━━━ Dataset records
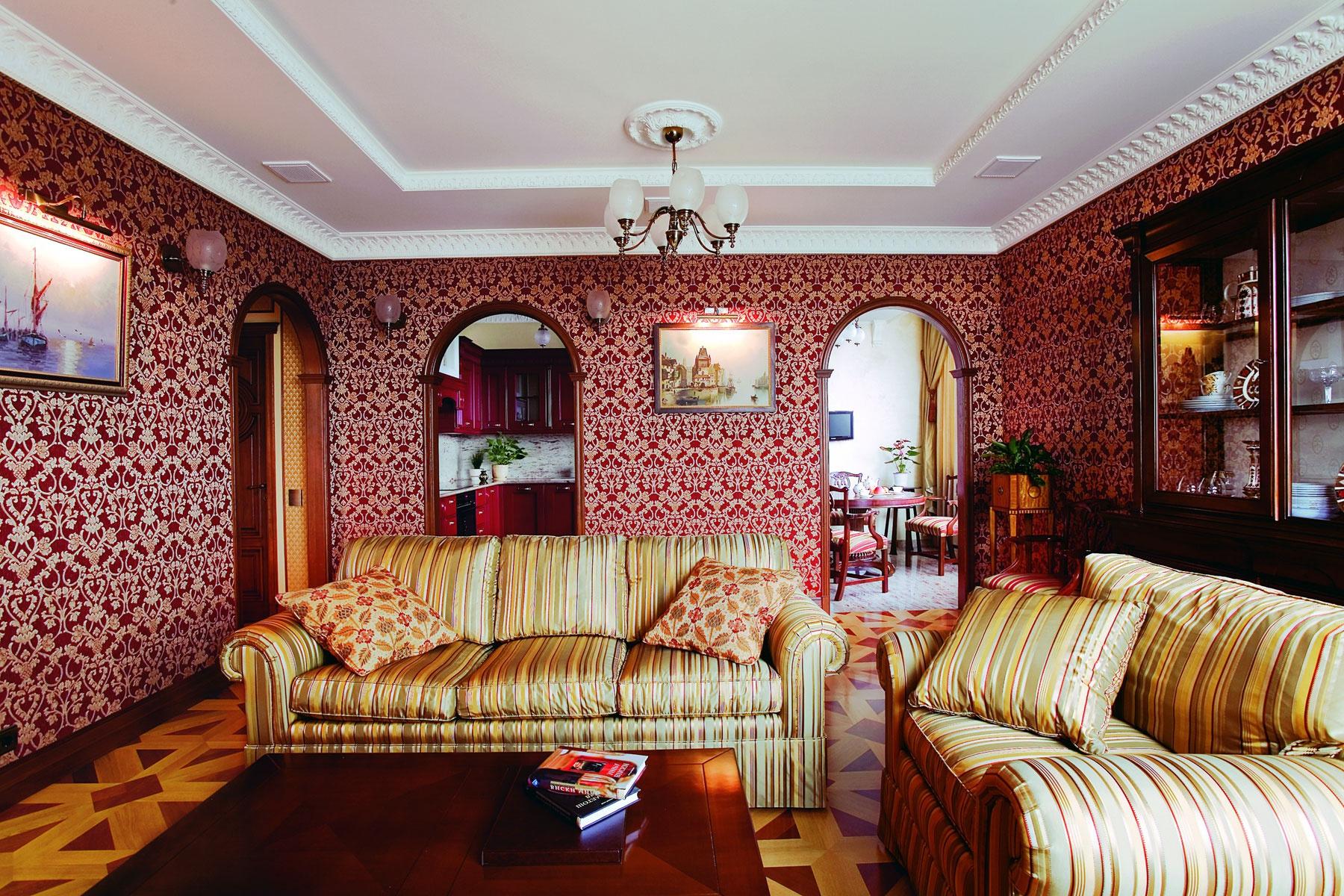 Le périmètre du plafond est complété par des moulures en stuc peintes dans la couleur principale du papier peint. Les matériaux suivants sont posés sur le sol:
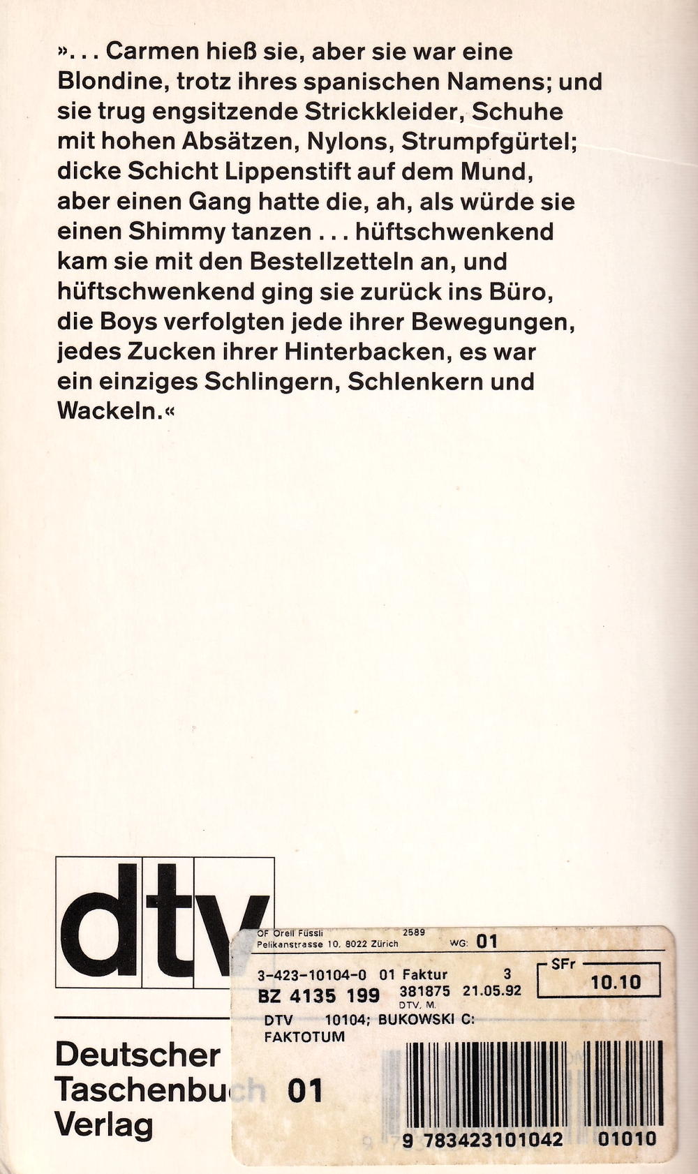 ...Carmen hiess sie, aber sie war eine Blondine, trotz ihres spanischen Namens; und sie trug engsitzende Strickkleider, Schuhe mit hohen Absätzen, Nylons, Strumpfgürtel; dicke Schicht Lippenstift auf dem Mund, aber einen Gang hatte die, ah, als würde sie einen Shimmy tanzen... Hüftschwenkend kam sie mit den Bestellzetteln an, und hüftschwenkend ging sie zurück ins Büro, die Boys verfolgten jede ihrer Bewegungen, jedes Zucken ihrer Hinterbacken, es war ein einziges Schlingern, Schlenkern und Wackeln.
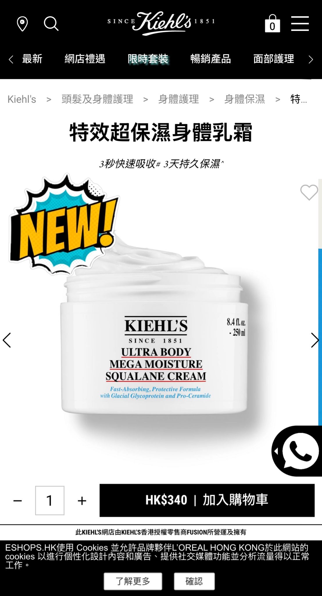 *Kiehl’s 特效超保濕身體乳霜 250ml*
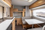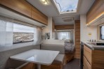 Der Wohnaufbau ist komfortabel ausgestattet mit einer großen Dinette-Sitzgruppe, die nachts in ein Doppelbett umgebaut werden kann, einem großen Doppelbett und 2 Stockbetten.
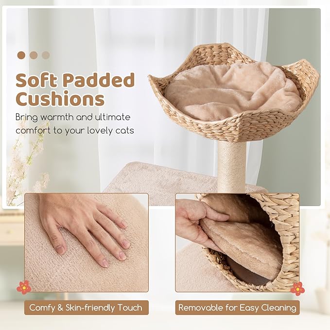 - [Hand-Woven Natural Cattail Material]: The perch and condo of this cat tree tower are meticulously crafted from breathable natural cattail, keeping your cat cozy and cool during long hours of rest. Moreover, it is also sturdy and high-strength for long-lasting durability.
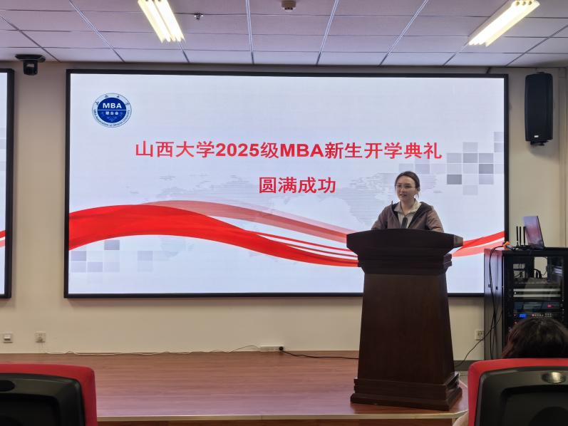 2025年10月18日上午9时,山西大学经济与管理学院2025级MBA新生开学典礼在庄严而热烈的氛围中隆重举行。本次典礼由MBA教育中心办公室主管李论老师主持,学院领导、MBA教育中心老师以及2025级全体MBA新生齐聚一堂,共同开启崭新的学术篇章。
━━━━━━
Exercise details:
When you copy the entries above, keep every word exactly and omit the images.

Reply to the task:
 Le périmètre du plafond est complété par des moulures en stuc peintes dans la couleur principale du papier peint. Les matériaux suivants sont posés sur le sol:
 ...Carmen hiess sie, aber sie war eine Blondine, trotz ihres spanischen Namens; und sie trug engsitzende Strickkleider, Schuhe mit hohen Absätzen, Nylons, Strumpfgürtel; dicke Schicht Lippenstift auf dem Mund, aber einen Gang hatte die, ah, als würde sie einen Shimmy tanzen... Hüftschwenkend kam sie mit den Bestellzetteln an, und hüftschwenkend ging sie zurück ins Büro, die Boys verfolgten jede ihrer Bewegungen, jedes Zucken ihrer Hinterbacken, es war ein einziges Schlingern, Schlenkern und Wackeln.
 *Kiehl’s 特效超保濕身體乳霜 250ml*
 Der Wohnaufbau ist komfortabel ausgestattet mit einer großen Dinette-Sitzgruppe, die nachts in ein Doppelbett umgebaut werden kann, einem großen Doppelbett und 2 Stockbetten.
 - [Hand-Woven Natural Cattail Material]: The perch and condo of this cat tree tower are meticulously crafted from breathable natural cattail, keeping your cat cozy and cool during long hours of rest. Moreover, it is also sturdy and high-strength for long-lasting durability.
 2025年10月18日上午9时,山西大学经济与管理学院2025级MBA新生开学典礼在庄严而热烈的氛围中隆重举行。本次典礼由MBA教育中心办公室主管李论老师主持,学院领导、MBA教育中心老师以及2025级全体MBA新生齐聚一堂,共同开启崭新的学术篇章。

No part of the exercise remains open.